# Driver for Artsign JSM40 Laser Engraver



## rrjans (Feb 19, 2012)

Help from anyone......I recently purchased a used Artsign JSM40 Laser machine with a parallel connection. I connected the engraver to my computer running XP Home Edition, turned on the engraver, put the Newlydraw software disk in the computer and then turned the computer on. I expected the computer to "recognize new hardware" which it DID NOT do. I installed the Newlydraw program nevertheless hoping that there was a driver within the Newlydraw. 

When I open Newlydraw and create small file.....like the letter "T" and hit the engrave button the engrave window opens and my Engraver is listed but nothing happens when I push the "start engrave" or "engrave now" whichever it is. 

So I'm thinking......"this machine needs the driver disk to install the engraver to my computer, my computer would then recognize it and the software connection would be complete. Any comments? or ideas? Are any driver disks available for the Artsign JSM40?

I would appreciate any help or comments. Ron J. (Tacoma, WA)


----------



## dvk01 (Dec 14, 2002)

Just found this 


> This Engraver does not work on windows XP Pro or windows 7. It does work on all other windows version but we only give tech support on Windows XP Home. If you have something besides XP home then we cannot give any tech support.

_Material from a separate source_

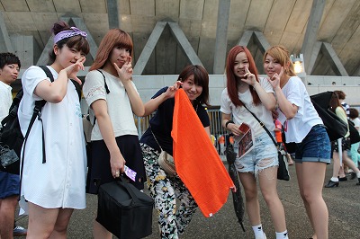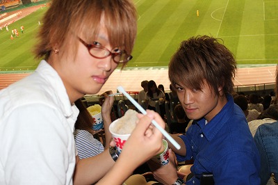 スタジアムで販売している「焼きそば」や「ポテト」などを食べ、そしてジュースなども飲みながら応援しています。

http://www.mbkpinternational.com/artcut_m40_laser_engraver.htm

suggest you contact them as they seem to know about this machine


----------



## rrjans (Feb 19, 2012)

I finally got the "used" Artsign JSM-40 Laser Engraver to work.. I want to THANK the different people who responded to my plea for help. First, the Newlydraw software has the driver for this machine within the program. There is NO driver disk. Secondly, my computer never did recognize "New Hardware" when I plugged the engraver to the LPT port and turned on the computer and Lastly, I removed the control card and all the electrical connectors, replaced the card and reconnect all the wiring and tried the "ENGRAVE" button in the Newlydraw program. I heard the engraver head move. From there I, through trial and error, repositioned the engrave head, fired a test beam and finally lightly burned my name on a piece of paper. I still have to learn the nuances of the the software and the engraver, but I am so pleased with the progress so far. Again, thanks for the help from the responders. Ron Jansen (Tacoma, WA)


----------